Extracted entries:
┌────────
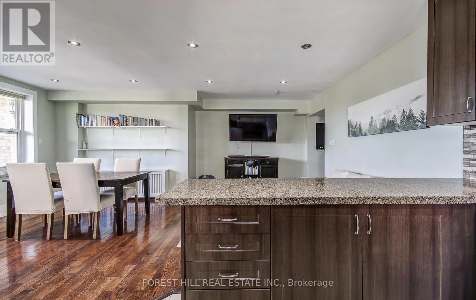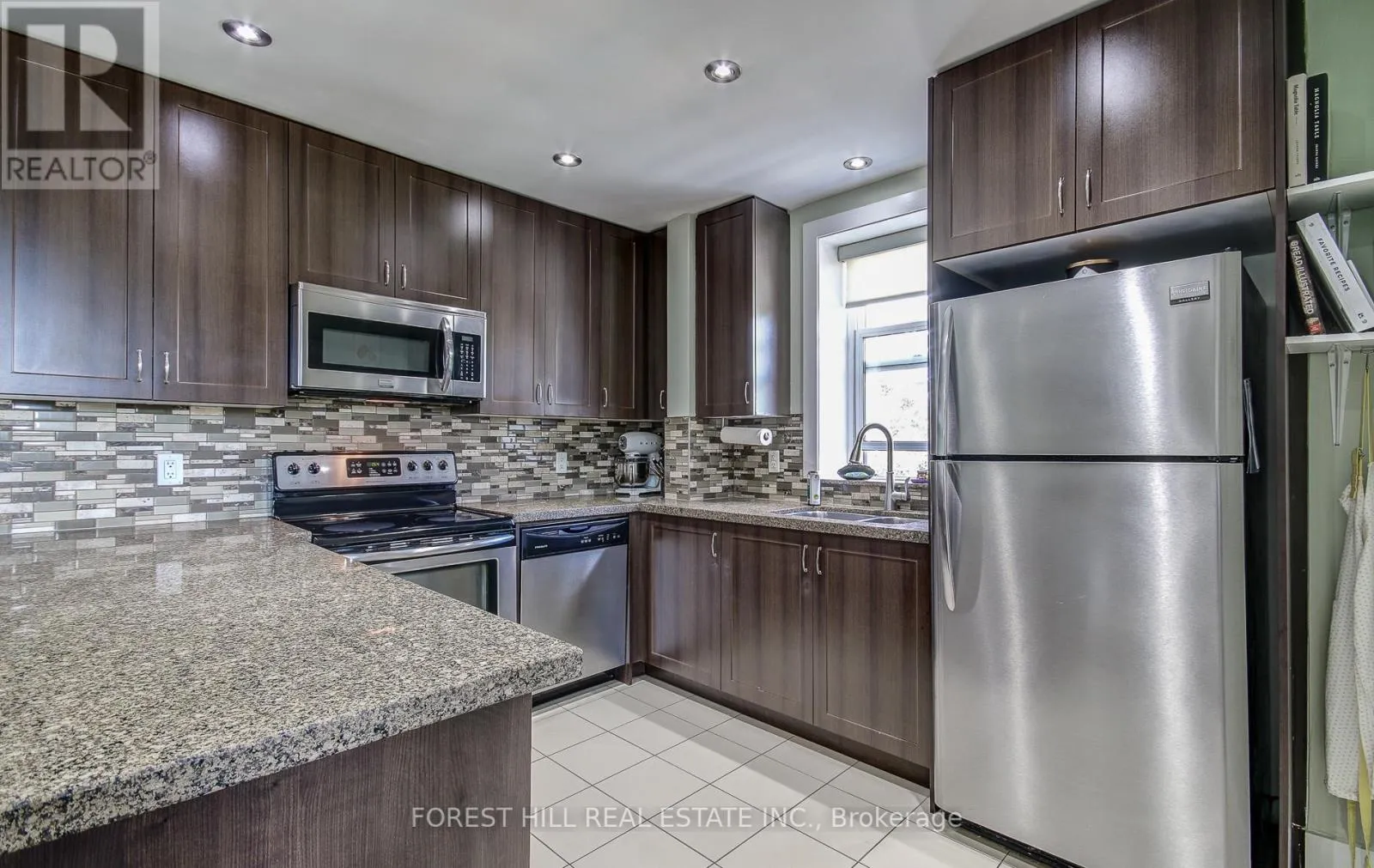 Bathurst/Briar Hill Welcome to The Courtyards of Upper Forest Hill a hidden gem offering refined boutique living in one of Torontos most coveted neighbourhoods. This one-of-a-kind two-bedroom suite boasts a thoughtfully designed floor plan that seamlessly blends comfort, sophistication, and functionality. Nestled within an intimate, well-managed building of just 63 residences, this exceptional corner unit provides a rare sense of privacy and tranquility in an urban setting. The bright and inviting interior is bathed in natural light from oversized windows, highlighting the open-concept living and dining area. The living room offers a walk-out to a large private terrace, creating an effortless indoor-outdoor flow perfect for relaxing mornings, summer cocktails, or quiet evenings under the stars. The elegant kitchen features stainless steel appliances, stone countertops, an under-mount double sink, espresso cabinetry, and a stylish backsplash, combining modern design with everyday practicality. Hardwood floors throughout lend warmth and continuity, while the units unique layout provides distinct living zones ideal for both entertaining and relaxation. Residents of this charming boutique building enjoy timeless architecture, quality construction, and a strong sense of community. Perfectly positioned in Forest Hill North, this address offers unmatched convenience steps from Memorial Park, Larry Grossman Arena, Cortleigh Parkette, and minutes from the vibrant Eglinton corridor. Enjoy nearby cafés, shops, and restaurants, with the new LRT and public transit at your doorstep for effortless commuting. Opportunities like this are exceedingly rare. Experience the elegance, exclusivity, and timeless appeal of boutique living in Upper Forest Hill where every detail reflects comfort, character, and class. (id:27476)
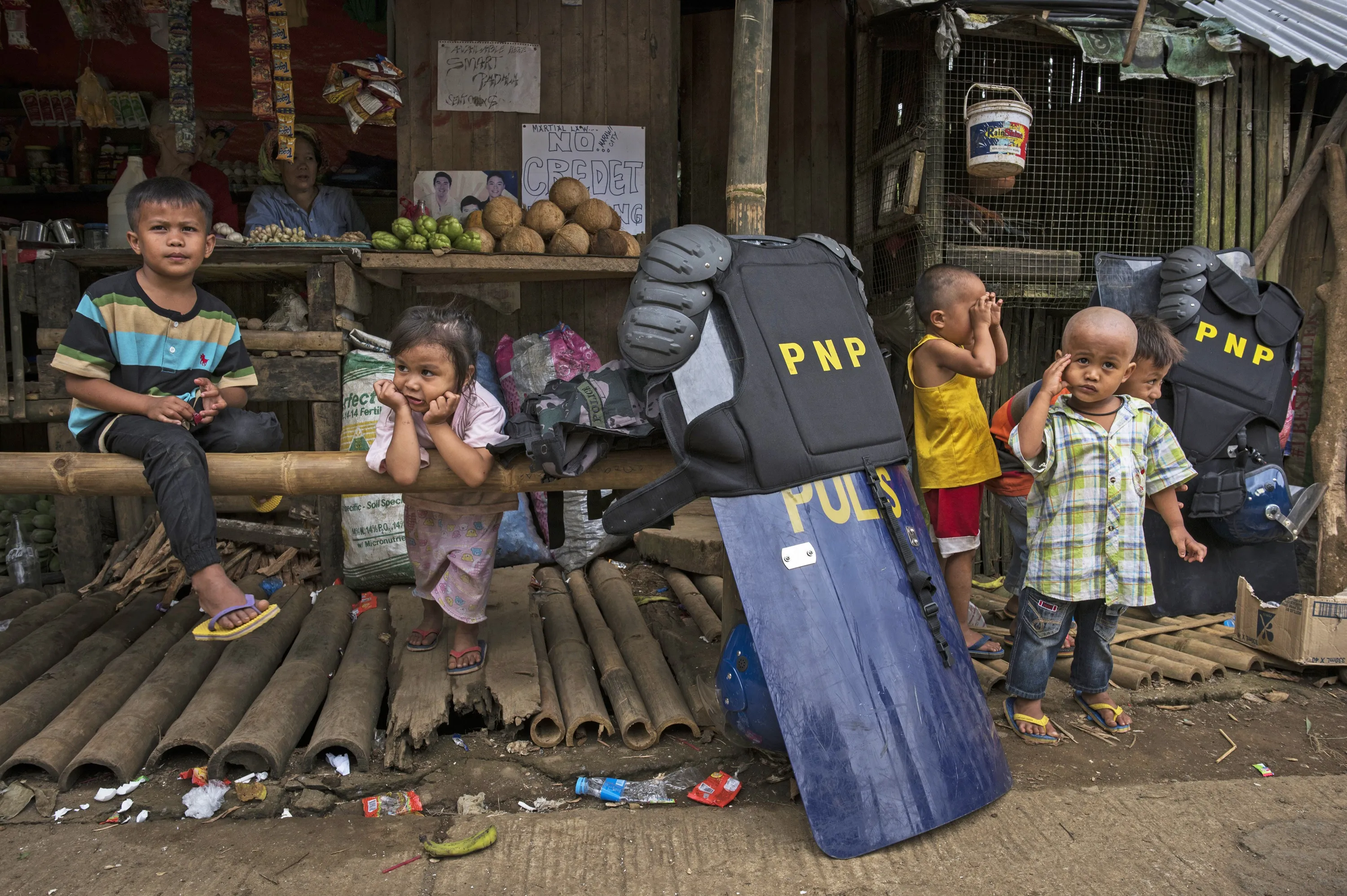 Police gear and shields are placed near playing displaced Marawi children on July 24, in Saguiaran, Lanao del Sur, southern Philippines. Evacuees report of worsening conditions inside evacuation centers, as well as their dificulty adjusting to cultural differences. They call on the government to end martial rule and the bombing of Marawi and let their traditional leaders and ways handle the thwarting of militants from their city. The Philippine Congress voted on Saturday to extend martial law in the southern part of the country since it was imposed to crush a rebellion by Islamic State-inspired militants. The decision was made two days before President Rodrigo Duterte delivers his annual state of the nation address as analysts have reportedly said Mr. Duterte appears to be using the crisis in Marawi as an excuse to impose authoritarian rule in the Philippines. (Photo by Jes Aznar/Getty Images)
└────────
┌────────
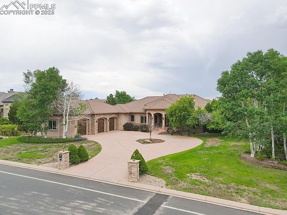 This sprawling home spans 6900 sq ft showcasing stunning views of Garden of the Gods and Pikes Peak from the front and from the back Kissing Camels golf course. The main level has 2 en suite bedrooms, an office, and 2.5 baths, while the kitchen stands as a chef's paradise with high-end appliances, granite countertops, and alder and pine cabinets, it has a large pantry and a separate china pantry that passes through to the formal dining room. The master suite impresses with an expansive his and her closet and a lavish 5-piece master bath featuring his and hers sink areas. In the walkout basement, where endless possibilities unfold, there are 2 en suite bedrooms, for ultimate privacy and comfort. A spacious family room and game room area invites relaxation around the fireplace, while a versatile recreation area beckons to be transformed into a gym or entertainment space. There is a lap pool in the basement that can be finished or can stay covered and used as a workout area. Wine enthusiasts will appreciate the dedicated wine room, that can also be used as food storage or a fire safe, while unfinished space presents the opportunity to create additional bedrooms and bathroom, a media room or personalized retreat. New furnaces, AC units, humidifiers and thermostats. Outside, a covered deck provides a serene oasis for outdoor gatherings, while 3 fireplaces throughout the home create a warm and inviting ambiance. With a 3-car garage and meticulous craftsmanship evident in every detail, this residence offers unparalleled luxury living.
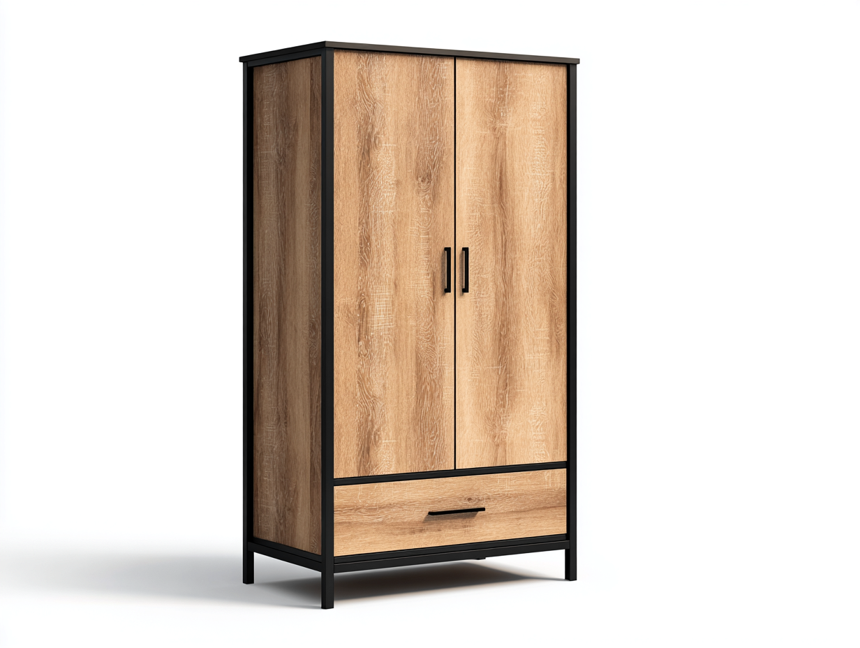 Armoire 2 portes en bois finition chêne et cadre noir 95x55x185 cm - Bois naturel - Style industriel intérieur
└────────
┌────────
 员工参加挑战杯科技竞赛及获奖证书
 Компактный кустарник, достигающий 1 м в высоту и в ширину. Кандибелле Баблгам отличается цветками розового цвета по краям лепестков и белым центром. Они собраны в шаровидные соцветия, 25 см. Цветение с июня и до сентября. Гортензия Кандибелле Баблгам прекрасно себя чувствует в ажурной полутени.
└────────
The reply should hold only the lines of the listing above starting at the line containing "员工参加挑战杯科技竞赛及获奖证书" and ending at the line containing "Компактный кустарник, достигающий", exactly as written.

Finished task:
 员工参加挑战杯科技竞赛及获奖证书
 Компактный кустарник, достигающий 1 м в высоту и в ширину. Кандибелле Баблгам отличается цветками розового цвета по краям лепестков и белым центром. Они собраны в шаровидные соцветия, 25 см. Цветение с июня и до сентября. Гортензия Кандибелле Баблгам прекрасно себя чувствует в ажурной полутени.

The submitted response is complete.